Георгий Вирен - Зеркало ночи
Академик нажал на кнопку селекторной связи, вызывая секретаршу.
- Ирочка, найдите-ка мне телефон психиатрической больницы номер четыре на Потешной улице... а лучше сами позвоните и узнайте телефон главврача и его имя-отчество... Бороться и искать, найти и не сдаваться, не так ли, друзья мои?
Академик подмигнул коллегам. Они оба сидели с бычьими лицами и в ответ шефу синхронно вздохнули.
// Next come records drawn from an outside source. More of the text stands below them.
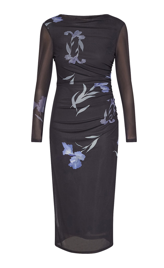 Kjóllinn er úr teygjanlegu mesh efni og fóðraður.
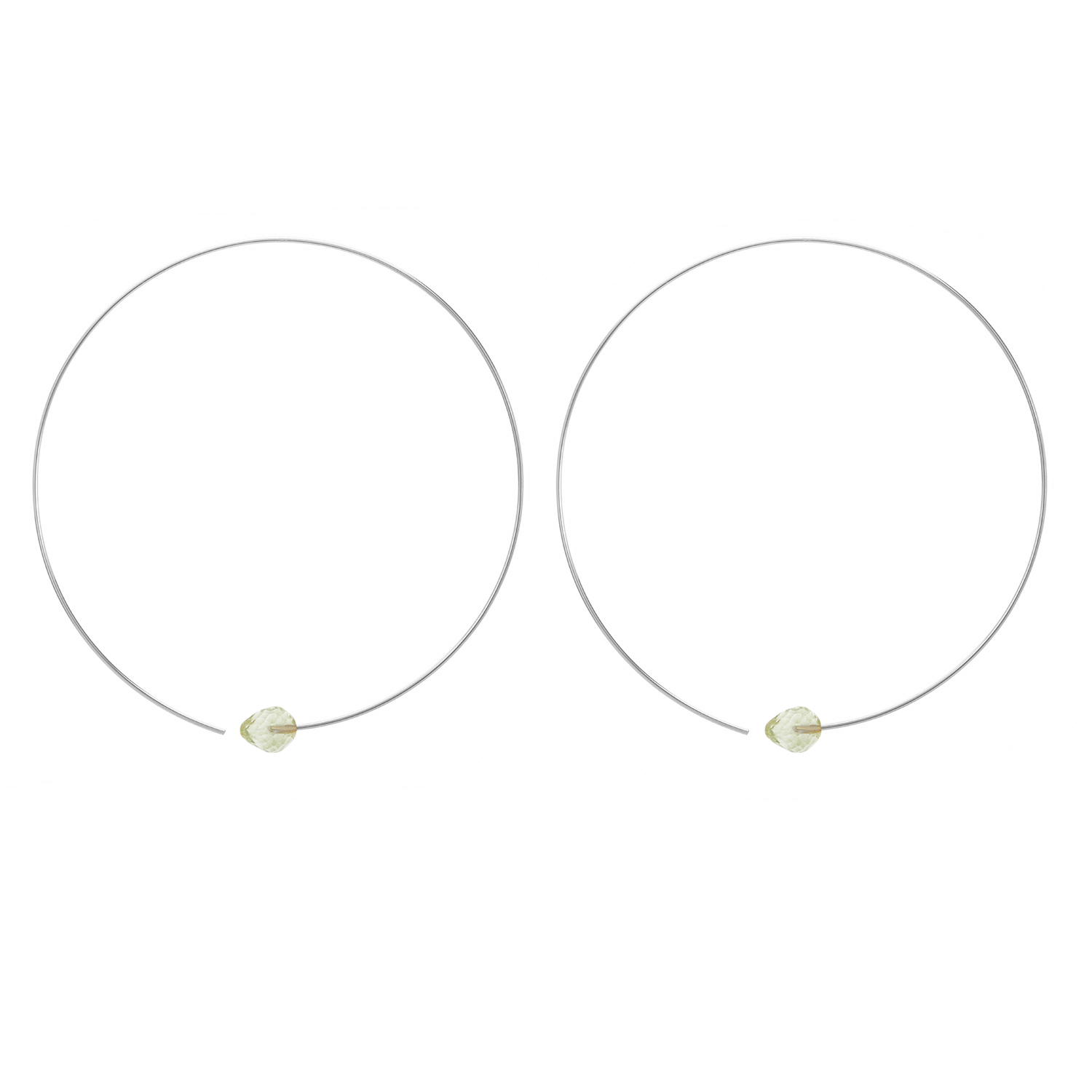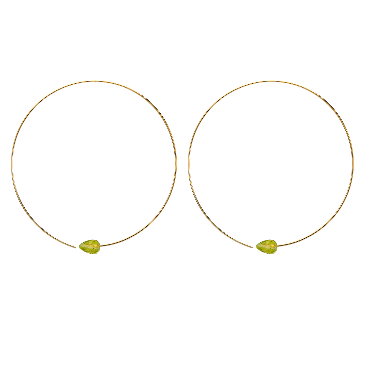 These delicate faceted pear shaped gemstones showcase a glass like lustre and its gorgeous tones of colours. Beautifully poised centrally on these hoop, a great stylish pair of earrings.
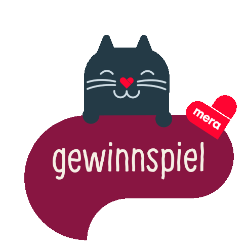 A cute black cat with a heart nose peeks over a purple speech bubble featuring "gewinnspiel" and the "mera" brand.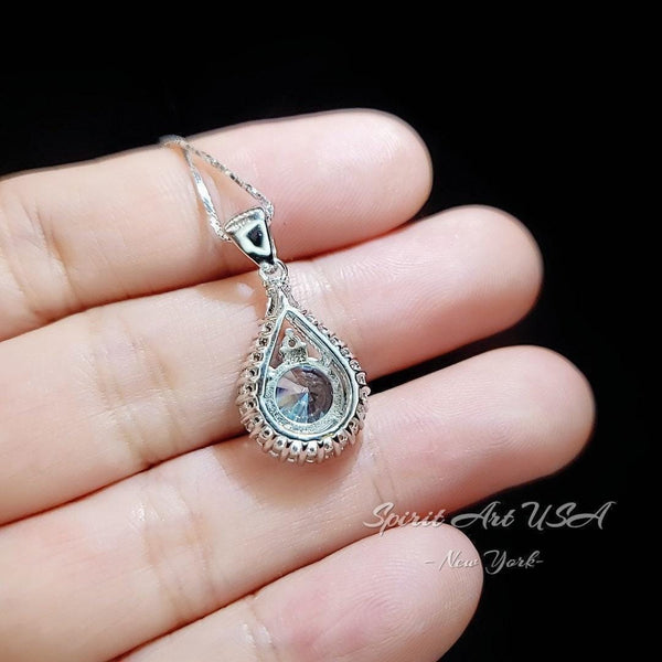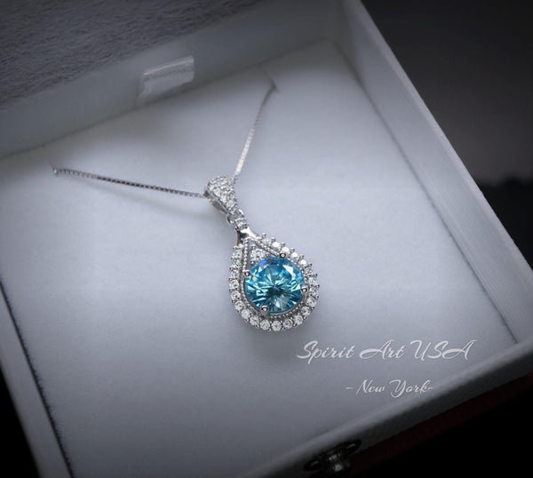 8mm Round Aquamarine Necklace Sterling Silver 2ct Teardrop Style White Gold plated March Birthstone #335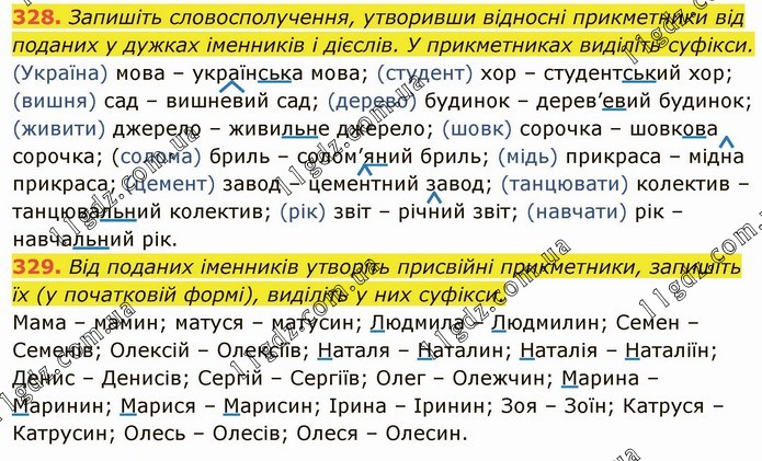 Запишіть словосполучення, утворивши відносні прикметники від поданих у дужках іменників і дієслів. У прикметниках виділіть суфікси. (Україна) мова – українська мова; (студент) хор – студентський хор; (вишня) сад – вишневий сад; (дерево) будинок – дерев’евий будинок; (живити) джерело – живильне джерело; (шовк) сорочка – шовкова сорочка; (солома) бриль – солом’яний бриль; (мідь) прикраса – мідна прикраса; (цемент) завод – цементний завод; (танцювати) колектив – танцювальний колектив; (рік) звіт – річний звіт; (навчати) рік – навчальний рік. 329. Від поданих іменників утворіть присвійні прикметники, запишіть їх (у початковій формі), виділіть у них суфікси. Мама – мамин; матуся – матусин; Людмила – Людмилин; Семен – Семенів; Олексій – Олексіїв; Наталя – Наталин; Наталія – Наталіїн; Денис – Денисів; Сергій – Сергіїв; Олег – Олежчин; Марина – Маринин; Марися – Марисин; Ірина – Іринин; Зоя – Зоїн; Катруся – Катрусин; Олесь – Олесів; Олеся – Олесин.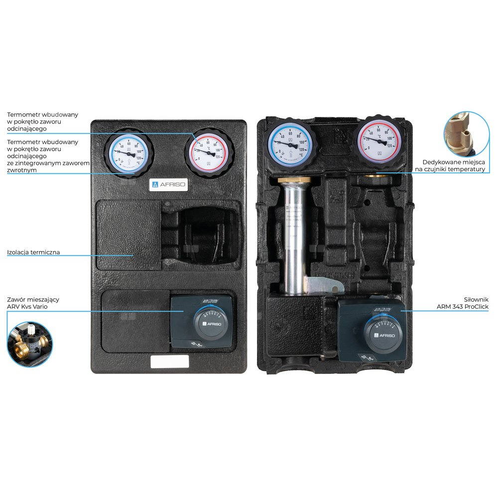 Grupa pompowa AFRISO PrimoTherm K 180-2 DN 25 3-WM-SM GZ x GW 1 1/2'' x 1'', z zaworem mieszającym, z siłownikiem arm 343 proclick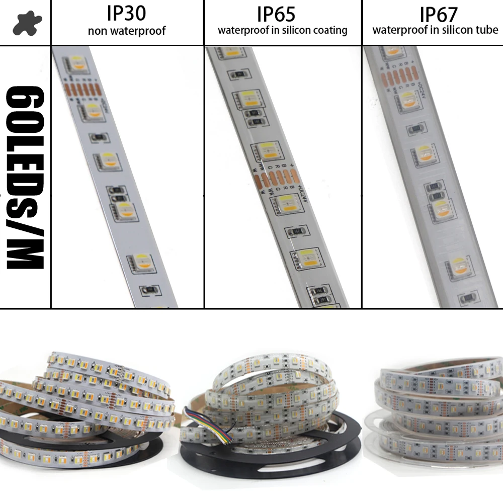 Гибкая светодиодная лента 12 мм PCB 5 м 5 в 1 RGB + CCT 5050 60 светодиодовм 96 светодиодовм водонепроницаемая светодиодная лента CW + RGB + WW RGBW RGB + WW 12 в 24 в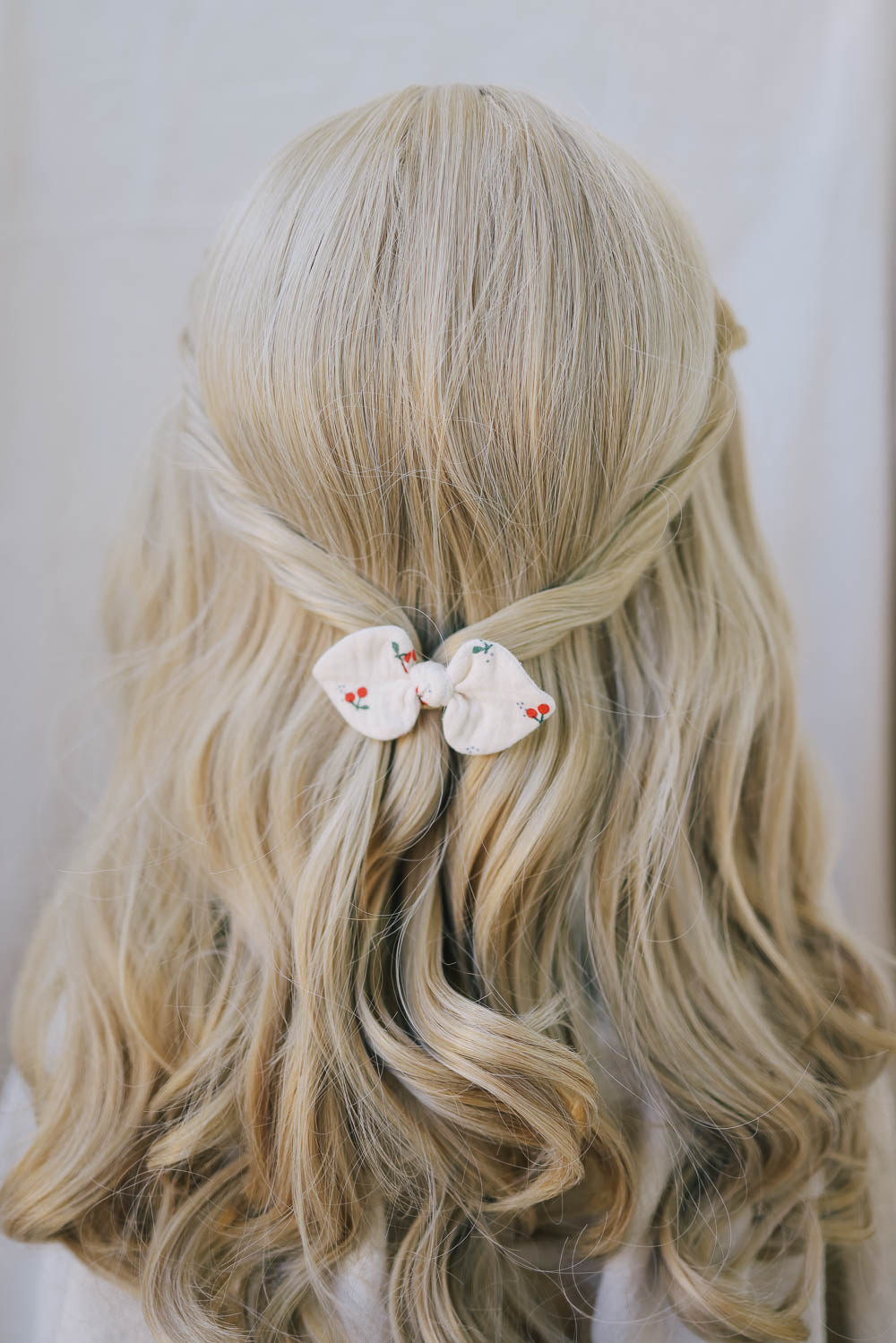 Never go a season without the the rocking the cherry print classic style bow! Shop this beautiful handmade Bunny knot bow twist elastic hair tie with gold detail and linen feels. Make sure to shop our collection of handcrafted hair accessories and more!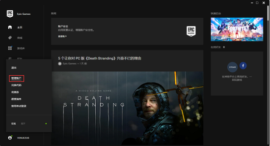 首先,将你的EPIC账号切换至美国地区,点击左下角个人ID,点击管理账户:
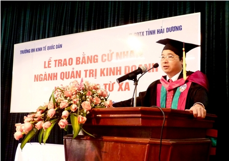 Phát biểu tại buổi lễ, GS.TS.Phạm Quang Trung – Phó Hiệu trưởng đã nhiệt liệt chúc mừng thành công bước đầu của các tân cử nhân đã nỗ lực hết mình trong suốt 5 năm qua để đi đến thành công, được nhận tấm bằng cử nhân cao quý của trường ĐHKTQD; đồng thời Giáo sư Phó Hiệu trưởng khẳng định, 5 năm qua là một dấu mốc hợp tác thành công giữa Trường Đại học Kinh tế quốc dân và Trung tâm DGTX của tỉnh Hải Dương trong vấn đề phát triển nguồn nhân lực của tỉnh. Thay mặt Ban lãnh đạo nhà trường, Giáo sư đặc biệt ghi nhận và cảm ơn sự nỗ lực, cố gắng của tập thể cán bộ Trung tâm ĐTTXa, các cán bộ của Trung tâm GDTX tỉnh Hải Dương đã tận tâm, tận lực trong sứ mệnh phát triển giáo dục, đáp ứng nhu cầu nguồn nhân lực chất lượng cao của tỉnh Hải Dương và mong muốn rằng các tân cử nhân tiếp tục học hỏi, vừa làm vừa học, học trong thực tế công tác, học trong giao tiếp với đồng nghiệp, học ở trường đời rộng lớn để có thể đáp ứng yêu cầu ngày càng cao của xã hội, đạt được khát vọng tiến thân chính đáng của mình và khẳng định được thương hiệu khóa đầu tiên hệ ĐTTXa – Trường ĐH KTQD tại Hải Dương.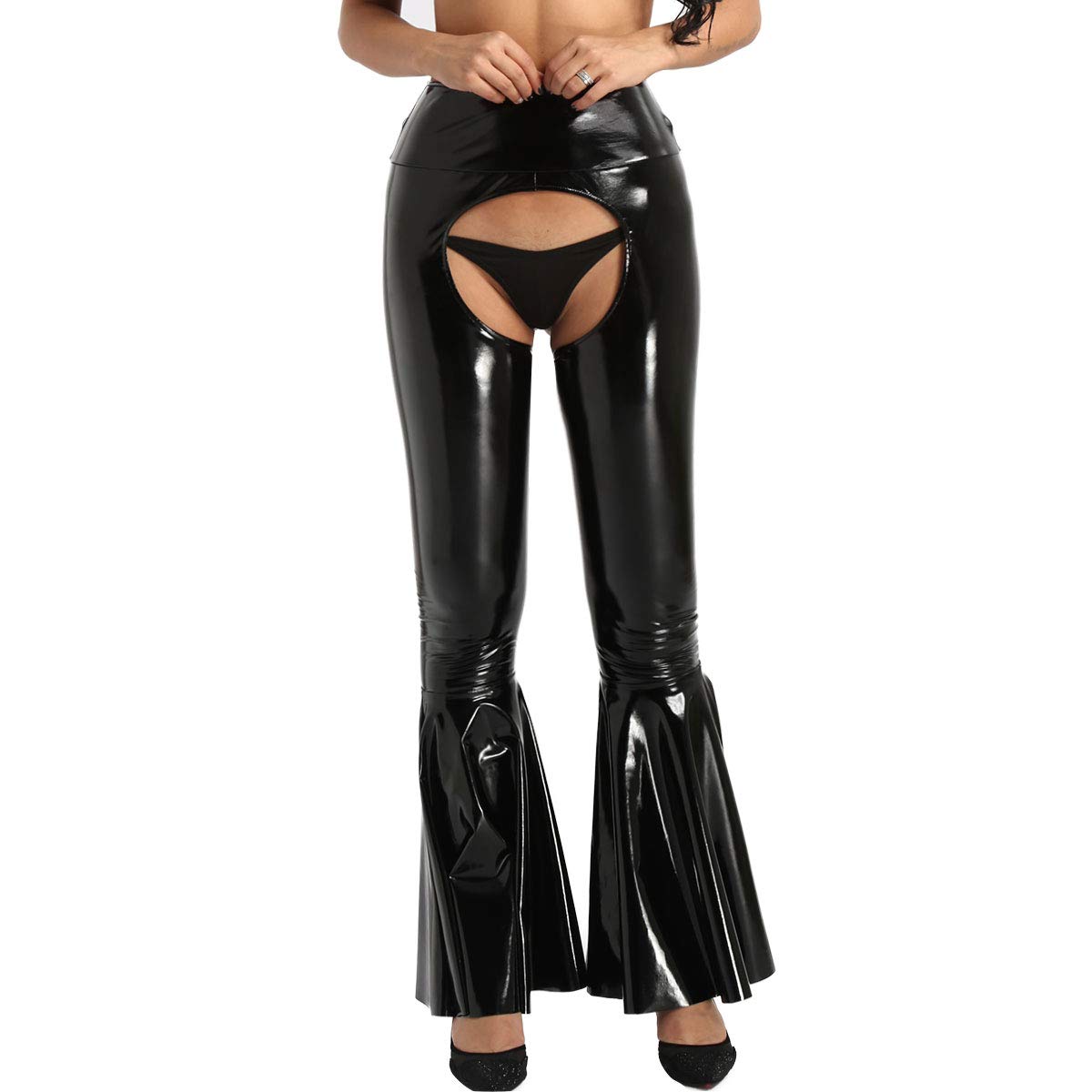 Damenmode Damen Glockenhose Schlaghose Metallic Wetlook Glanz Leggings Hose Party Clubwear Kleidung Accessoires Expertdigital Net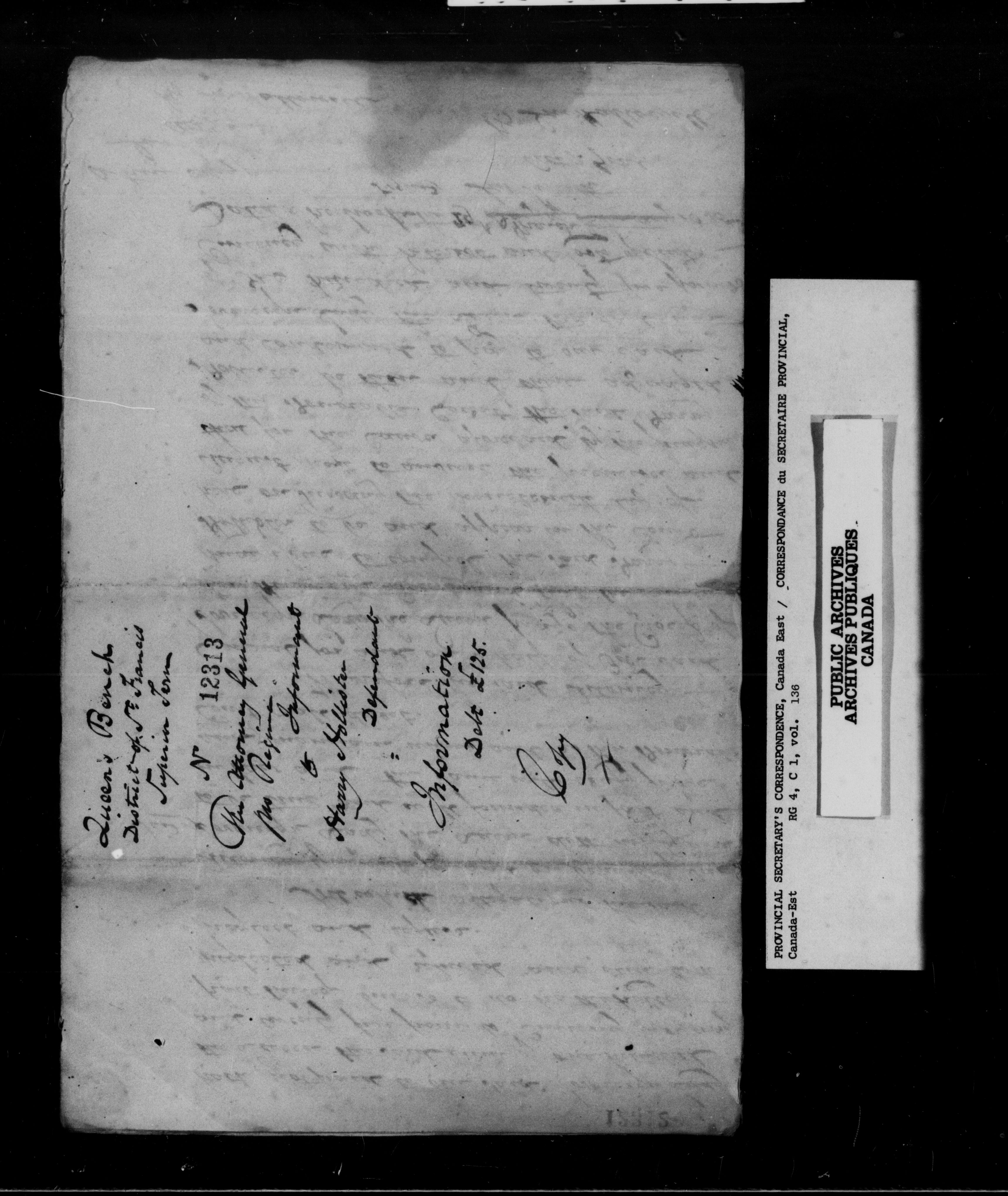Canada East : Provincial Secretary numbered correspondence files, 1839-1867 : C-13536

- Костя, по итогам этой операции, - мрачно сказал Семен, - мы с тобой должны получить звание майоров физико-математических наук и именные ЭВМ с портретом Феликса Дзержинского.
IV
"Господи, неужели теперь всегда так будет?" - вдруг подумал Матвей, проводив Рената. Он пытался забыть эту песенку про понедельник, а она все лезла, лезла. И со щемящим страхом Матвей подумал, что никуда ему не деться от памяти, и не поможет снежное затворничество, ничто не поможет, если только не обратиться в манкурта, но ведь убивать прошлое - еще хуже, чем предсказывать будущее. Он сидел за столом, с которого не убрал остатки завтрака, и смотрел в окно на белый сад. Он старался думать о том, что дров надо наколоть, что пора веранду на зиму забивать, что надо бы пойти Карата выпустить погулять, и в то же время боролся с желанием обернуться, посмотреть на стоявший за спиной диван, потому что не мог вспомнить, какой на нем узор - цветочки или листики? И обернулся наконец, и уже не смог гнать песенку про понедельник, а вместе с ней - Милу, и вдруг встал, бросился к дивану, упал лицом в его блеклые листочки и оказался там, в прошлом времени, где Мила, распустив по плечам легкие, невесомо вьющиеся волосы, поджав под себя ноги, сидела на этом диване, перебирала истертые струны, пела тонко и чисто: "Понедельник, понедельник, понедельник дорогой, ты пошли мне, понедельник, непогоду и покой..."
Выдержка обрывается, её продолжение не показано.